Public Knowledge participated as part of the U.S. delegation, as well as in international forums with other NGOs. For example, Public Knowledge joined 30 other international civil society organizations in a joint declaration at the Best Bits conference in Baku a month prior to the WCIT highlighting key concerns both with the ITU process and for free expression online. In Dubai, representatives from civil society NGOs participating in affiliation with sector members or as part of national delegations (and the small number of NGOs that sought to participate without formal affiliation) met regularly. Through this engagement, global civil society helped to highlight at WCIT, and within their respective delegations, concerns with regard to various proposals and their potential impact on free expression online.

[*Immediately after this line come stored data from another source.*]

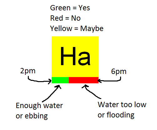 with a tide table and graph for daylight hours.
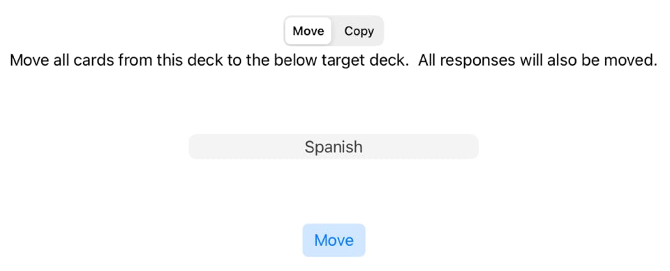 Tap the Move/Copy button at the bottom of the Cards screen to move or copy all cards from one deck to another deck:
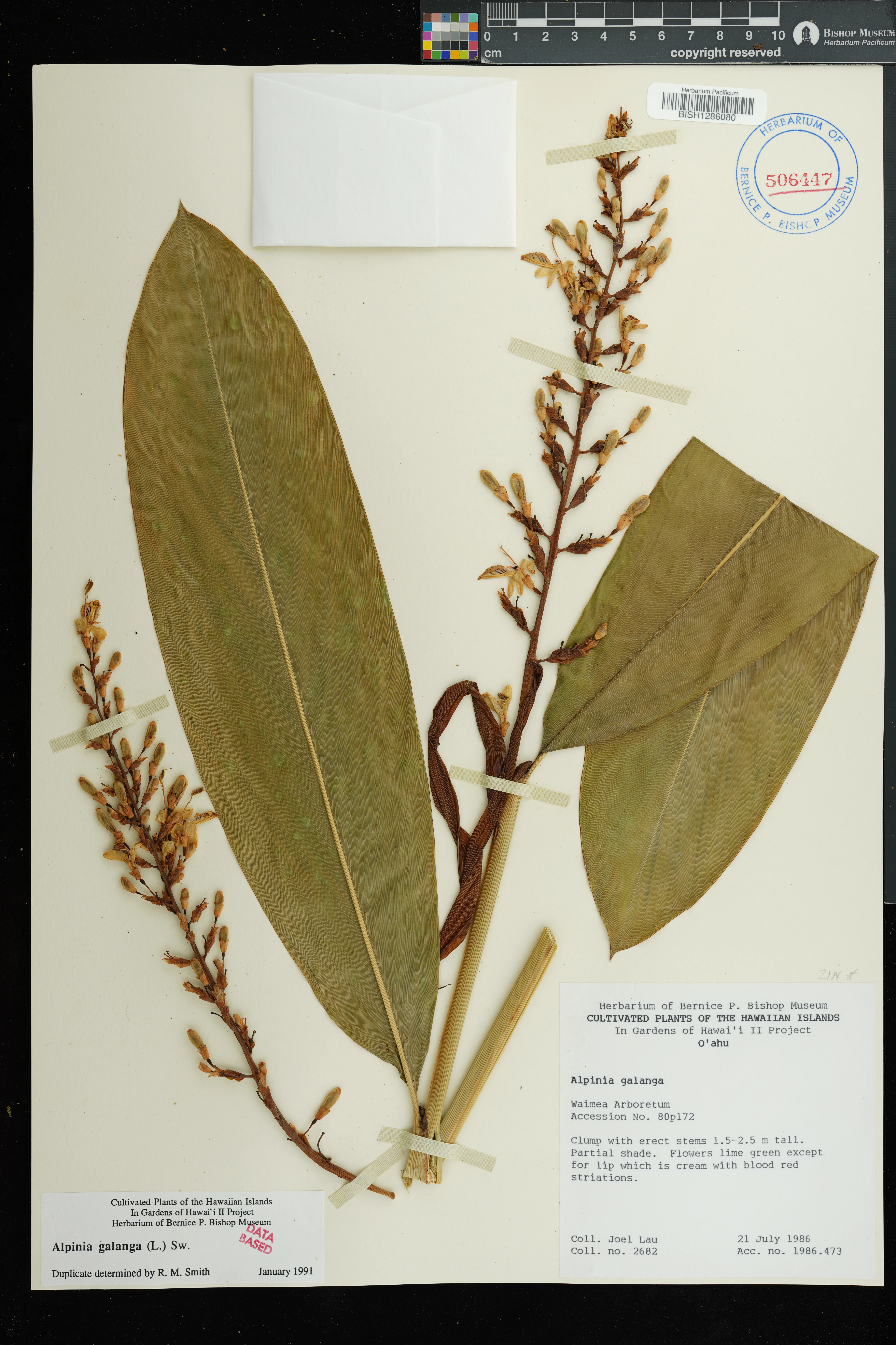 | 15 | Alpinia galanga | (L.) Willd. | Haleiwa; Waimea Arboretum | Growing in partial shade. | PRESERVED_SPECIMEN | Lau, J. | 2682 | Oahu | BISH | 7/21/1986 |
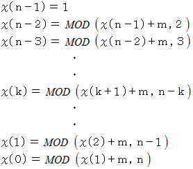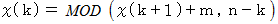 LET k = MOD ( k + m , j )
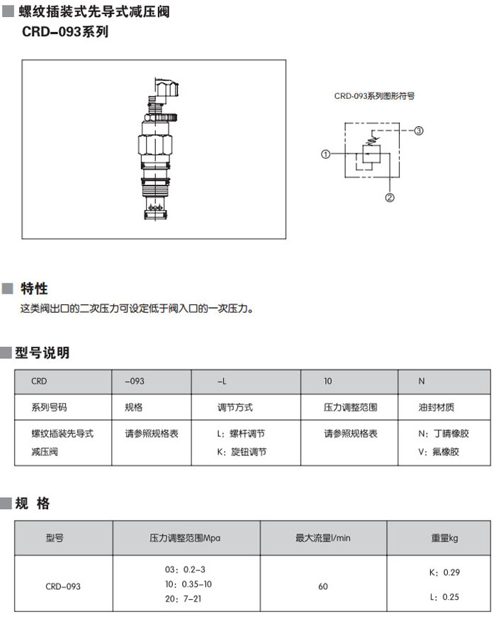 CRD-093-L03N,CRD-093-L10N,CRD-093-L20N,CRD-093-K03N,CRD-093-K10N,CRD-093-L30N,螺紋插裝式先導式減壓閥
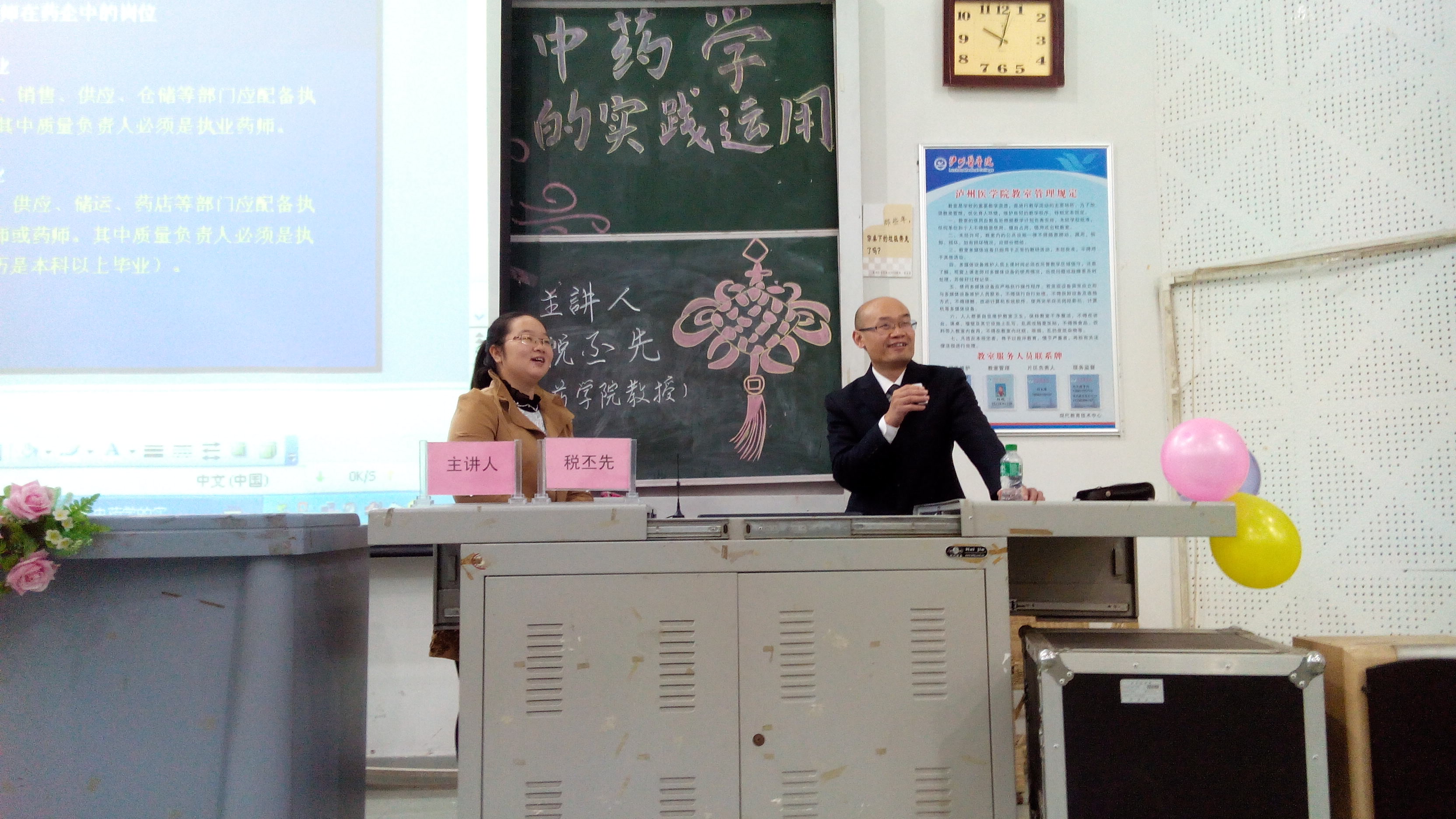 2013年11月3日,药学院税丕先教授应邀出席中西医结合学院、药学院联合主办的“百草堂杯”第五届中医药文化节之中医药文化大讲堂,做题为“中药学的实践应用”的精彩讲座。中西医结合学院与药学院350余名同学聆听了本次讲座。

For the United States, the presence of a diverse and global representation of civil society NGOs allowed the United States to reach out directly to this community, which shared many of the same concern with regard to Internet freedom and the future of Internet governance. Ambassador Kramer met with global civil society representatives at the Best Bits conference in Baku, and again in Dubai. This outreach, combined with inclusion of domestic civil society representatives such as Public Knowledge, enhanced U.S. credibility as a champion of Internet freedom and transparency.
The inability of civil society to participate effectively in the WCIT was inconsistent with a multi-stakeholder model of Internet governance, a model that we all believe in. Any forum that discusses Internet governance issues must provide civil society the opportunity to participate in its own right and without having to be part of a government delegation. This applies to the upcoming WTPF and the ITU plenipotentiary conference in 2014. The US government has been very supportive of this principle in the past. I sincerely appreciate this support and request that it continue and become more vocal.

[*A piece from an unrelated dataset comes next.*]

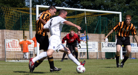 To the line up and Queens went with trialist Green in goals from Sheffield United, a back three marshalled by Scott MacKenzie and with both Kyle Bryson and Murray Henderson ably supporting him. Across the middle of the park were strung, Eric Paton, John Henry, Scott Robertson, Steven Sloan and Kieran McAnespie (a suprise trialist to everyone) whilst up front we had Derek Lyle and Andy Thomson. The bench had Corr, Whorlow, McColm, Jim Thomson, Mullen and Gibson awaiting a call.
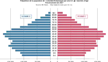 La population de la Colombie-Britannique était estimée à 4 413 973 habitants au . Avant l'arrivée des Européens, la province était habitée par des populations amérindiennes. Leurs descendants sont aujourd'hui estimés à 4,5 % de la population totale. Près de 10 % de la population est d'origine chinoise.

Moving Forward: Remaining Engaged In The Global Debate.
The good news is that the Dubai conference was just the beginning of the discussion around global Internet governance, not the end. Although the United States Government refused to sign the ITRs, the Internet as a global medium is too important to democratic and economic progress for the United States to disengage from this discussion moving forward. The next step for the United State government must be to fully engage in diplomacy and outreach, not merely with those countries that agreed with us in Dubai, but with those countries that disagreed with us about the role of the ITU and the value of the multi-stakeholder process. Many of these countries are small and developing nations that must be persuaded that the multi-stakeholder process of governance benefits them as much as it benefits the United States and other developed countries.

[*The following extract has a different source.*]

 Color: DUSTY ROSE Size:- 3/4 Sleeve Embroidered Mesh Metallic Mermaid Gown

The freedom of expression online connects democratic activists domestically and internationally, amplifying their voices in the digital public square. Leaving judgment of each regime aside, no one can deny the role that free expression on the Internet had on building support across borders for the uprisings in Tunisia, Egypt, Libya, and other Arab Spring countries. Many of these activists utilize the same websites and online communications tools as the members of Congress here in this room. Egyptian or Libyan or Syrian citizens sharing their struggles with democracy with their American cousins over a free and open Internet can hopefully support their efforts to make the most of their new free society.
On the economic side, the Internet and information technology industries continue to be the thriving sector in a slumping global economy. According to OECD (Organization for Economic Cooperation and Development) calculations, in 2009 some 12% of the value added of the non-financial business sector in the United States could be attributed to Internet-related activities. At present, the Internet contributes more of a percentage to America's GDP than traditional industry sectors like information and technical services, construction, education, agriculture, and arts, entertainment, and recreation. And it comprises about 5.5 percent or $252 billion of all retail. U.S. economic growth and international trade are dependent upon bringing the world around to our vision of democracy, rule of law, and trade to other nations. Any U.S. trade representative can argue the benefits of free trade to their counterpart in another country, but open access to American products, exports, and consumers online can spread the opportunity of international trade to even the smallest town or village with a broadband connection. American businesses will lose these opportunities for trade and economic expansion if we do not share our vision and success with open Internet communication with the developing world.
Through my many conversations as a part of the delegation, it was clear that many developing countries hold the accurate view of the United States as the one of the main drivers of the Internet. The facts of global Internet traffic support these impressions. North America now accounts for a majority of global Internet traffic, with US company Netflix generating more than 33% according to a recent Sandvine report. Eight out of the ten largest cloud storage centers in the world are in the U.S., positioning the U.S. to maintain its Internet leadership as remote big data continues to support business growth.
Unfortunately, this dominance by American traffic, content, and storage, combined with the economic strength of the United States results in sense of disenfranchisement among smaller and developing countries in a multi-stakeholder process. The focus of the American outreach and diplomacy must be to empower smaller and developing countries through their participation and in a shared vision of the opportunity of the Internet for economic opportunity and political empowerment. Even those nations that seek to emulate our success often take the attitude that ‘well, multi-stakeholderism is OK for you; you’re a big country with lots of resources, well established Internet industries, and fully deployed networks. We need a different approach.’ These countries have a long history of close relationships with the ITU. They view the ITU as an important source of technical assistance and standards development through the ITU-T, and a source of aid for network development through the ITU-D. The fact that the ITU is structured around member states, under rules that these countries understand, encourages them to view the ITU as a counterweight to the United States and other developed nations.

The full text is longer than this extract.